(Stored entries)

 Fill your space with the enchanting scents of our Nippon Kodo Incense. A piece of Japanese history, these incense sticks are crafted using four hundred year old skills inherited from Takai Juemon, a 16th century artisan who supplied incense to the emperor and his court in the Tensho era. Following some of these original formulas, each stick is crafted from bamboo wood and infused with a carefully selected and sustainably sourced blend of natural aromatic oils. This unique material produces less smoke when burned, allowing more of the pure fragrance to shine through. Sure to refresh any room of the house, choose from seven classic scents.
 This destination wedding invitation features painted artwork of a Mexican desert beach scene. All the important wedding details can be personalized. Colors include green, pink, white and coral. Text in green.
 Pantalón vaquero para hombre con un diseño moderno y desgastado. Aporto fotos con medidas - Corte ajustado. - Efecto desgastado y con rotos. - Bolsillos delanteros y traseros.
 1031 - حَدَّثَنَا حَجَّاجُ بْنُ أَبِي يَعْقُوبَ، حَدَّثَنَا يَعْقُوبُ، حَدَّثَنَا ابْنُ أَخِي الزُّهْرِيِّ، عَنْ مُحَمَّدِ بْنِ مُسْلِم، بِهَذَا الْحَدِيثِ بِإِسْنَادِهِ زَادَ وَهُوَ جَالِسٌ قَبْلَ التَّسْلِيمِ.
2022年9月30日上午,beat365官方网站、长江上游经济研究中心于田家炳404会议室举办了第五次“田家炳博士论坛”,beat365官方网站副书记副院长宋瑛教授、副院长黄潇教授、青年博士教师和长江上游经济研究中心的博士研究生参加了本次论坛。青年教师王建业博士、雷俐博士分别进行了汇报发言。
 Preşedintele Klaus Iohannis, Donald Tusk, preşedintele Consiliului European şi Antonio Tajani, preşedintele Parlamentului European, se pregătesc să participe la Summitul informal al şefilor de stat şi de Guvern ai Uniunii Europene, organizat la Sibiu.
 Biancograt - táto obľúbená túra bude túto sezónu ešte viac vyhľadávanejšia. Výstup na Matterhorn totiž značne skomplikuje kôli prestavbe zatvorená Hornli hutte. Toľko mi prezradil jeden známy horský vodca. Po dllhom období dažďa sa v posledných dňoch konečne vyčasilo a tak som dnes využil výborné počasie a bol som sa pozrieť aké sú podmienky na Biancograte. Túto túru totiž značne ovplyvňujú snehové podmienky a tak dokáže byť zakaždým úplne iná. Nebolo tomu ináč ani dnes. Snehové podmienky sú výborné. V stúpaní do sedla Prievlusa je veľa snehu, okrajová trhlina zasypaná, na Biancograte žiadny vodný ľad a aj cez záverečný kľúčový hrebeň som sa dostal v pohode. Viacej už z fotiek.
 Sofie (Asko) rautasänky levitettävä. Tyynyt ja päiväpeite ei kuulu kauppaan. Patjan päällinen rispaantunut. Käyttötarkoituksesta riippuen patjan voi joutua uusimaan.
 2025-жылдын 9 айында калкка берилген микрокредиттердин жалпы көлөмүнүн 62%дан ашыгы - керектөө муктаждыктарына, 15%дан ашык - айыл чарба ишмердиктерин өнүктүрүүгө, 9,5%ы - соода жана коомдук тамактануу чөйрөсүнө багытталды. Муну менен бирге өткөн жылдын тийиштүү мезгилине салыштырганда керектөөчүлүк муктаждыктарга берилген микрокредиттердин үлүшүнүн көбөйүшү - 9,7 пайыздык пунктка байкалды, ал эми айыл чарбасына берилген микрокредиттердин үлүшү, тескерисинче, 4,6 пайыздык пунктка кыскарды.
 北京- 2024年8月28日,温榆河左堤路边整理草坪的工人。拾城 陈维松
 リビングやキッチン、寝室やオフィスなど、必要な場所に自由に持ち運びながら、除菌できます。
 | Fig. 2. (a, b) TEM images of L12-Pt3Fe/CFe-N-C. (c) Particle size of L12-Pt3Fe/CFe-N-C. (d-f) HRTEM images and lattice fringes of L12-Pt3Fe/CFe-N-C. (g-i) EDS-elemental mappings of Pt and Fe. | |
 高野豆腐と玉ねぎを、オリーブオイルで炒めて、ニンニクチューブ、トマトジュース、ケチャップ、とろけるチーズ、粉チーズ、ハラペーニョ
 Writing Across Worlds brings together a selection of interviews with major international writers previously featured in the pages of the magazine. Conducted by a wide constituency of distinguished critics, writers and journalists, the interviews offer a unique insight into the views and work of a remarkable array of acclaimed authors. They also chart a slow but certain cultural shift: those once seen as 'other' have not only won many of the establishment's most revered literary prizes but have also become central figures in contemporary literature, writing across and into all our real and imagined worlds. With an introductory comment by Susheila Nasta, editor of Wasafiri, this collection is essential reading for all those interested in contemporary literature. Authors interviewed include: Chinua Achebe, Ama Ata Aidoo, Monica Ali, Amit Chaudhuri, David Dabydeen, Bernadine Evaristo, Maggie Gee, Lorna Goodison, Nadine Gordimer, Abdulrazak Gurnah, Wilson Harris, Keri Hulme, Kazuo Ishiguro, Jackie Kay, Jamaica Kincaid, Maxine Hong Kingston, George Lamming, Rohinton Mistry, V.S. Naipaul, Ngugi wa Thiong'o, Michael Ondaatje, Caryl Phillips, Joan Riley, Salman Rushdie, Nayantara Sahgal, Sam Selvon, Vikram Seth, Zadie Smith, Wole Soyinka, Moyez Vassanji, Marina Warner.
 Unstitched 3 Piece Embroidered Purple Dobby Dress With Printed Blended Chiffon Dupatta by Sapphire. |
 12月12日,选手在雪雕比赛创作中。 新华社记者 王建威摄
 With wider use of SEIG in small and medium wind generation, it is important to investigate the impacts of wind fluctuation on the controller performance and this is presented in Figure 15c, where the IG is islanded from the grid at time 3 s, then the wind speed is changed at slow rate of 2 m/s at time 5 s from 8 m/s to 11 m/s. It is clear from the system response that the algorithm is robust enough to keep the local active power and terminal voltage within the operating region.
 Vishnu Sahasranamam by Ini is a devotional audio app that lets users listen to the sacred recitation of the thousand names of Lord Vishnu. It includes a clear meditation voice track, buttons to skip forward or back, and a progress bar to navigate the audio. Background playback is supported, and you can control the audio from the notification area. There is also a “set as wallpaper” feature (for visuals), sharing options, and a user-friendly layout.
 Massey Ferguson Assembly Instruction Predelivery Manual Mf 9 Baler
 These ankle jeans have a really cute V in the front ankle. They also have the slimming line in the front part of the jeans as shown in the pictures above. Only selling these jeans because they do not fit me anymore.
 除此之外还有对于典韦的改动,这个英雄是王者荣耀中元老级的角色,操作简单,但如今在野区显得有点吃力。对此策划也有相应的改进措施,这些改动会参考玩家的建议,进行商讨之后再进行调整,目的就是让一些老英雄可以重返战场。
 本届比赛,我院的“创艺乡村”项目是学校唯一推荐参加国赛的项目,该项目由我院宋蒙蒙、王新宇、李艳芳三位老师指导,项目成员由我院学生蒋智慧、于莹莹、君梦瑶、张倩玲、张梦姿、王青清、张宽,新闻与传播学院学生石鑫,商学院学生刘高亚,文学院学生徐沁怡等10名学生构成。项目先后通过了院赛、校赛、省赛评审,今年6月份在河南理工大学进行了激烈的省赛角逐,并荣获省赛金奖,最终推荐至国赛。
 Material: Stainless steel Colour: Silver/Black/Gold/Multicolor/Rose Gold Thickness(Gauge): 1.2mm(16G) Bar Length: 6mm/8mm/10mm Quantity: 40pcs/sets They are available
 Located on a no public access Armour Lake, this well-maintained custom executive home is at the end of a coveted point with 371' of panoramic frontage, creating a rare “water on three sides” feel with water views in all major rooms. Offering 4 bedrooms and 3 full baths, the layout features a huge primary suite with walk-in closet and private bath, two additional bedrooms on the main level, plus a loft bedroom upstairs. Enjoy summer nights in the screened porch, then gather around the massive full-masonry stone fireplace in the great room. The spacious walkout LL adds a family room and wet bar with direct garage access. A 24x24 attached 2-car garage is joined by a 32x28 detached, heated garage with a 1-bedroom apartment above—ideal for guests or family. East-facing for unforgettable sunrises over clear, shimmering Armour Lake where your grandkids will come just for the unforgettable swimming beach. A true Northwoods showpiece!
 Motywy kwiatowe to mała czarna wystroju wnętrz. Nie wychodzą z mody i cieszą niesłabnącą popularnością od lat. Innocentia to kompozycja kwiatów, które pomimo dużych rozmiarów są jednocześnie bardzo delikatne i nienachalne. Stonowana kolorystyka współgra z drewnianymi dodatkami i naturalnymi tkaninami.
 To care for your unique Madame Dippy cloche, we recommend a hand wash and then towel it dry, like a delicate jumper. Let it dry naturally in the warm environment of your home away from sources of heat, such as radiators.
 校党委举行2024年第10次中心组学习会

> [What the task requires] What is needed is an exact copy of the lines above, from the one containing "12月12日,选手在雪雕比赛创作中。 新华社记者 王建威摄" through the one containing "With wider use", with nothing added.

> [Answer for this exercise]
 12月12日,选手在雪雕比赛创作中。 新华社记者 王建威摄
 With wider use of SEIG in small and medium wind generation, it is important to investigate the impacts of wind fluctuation on the controller performance and this is presented in Figure 15c, where the IG is islanded from the grid at time 3 s, then the wind speed is changed at slow rate of 2 m/s at time 5 s from 8 m/s to 11 m/s. It is clear from the system response that the algorithm is robust enough to keep the local active power and terminal voltage within the operating region.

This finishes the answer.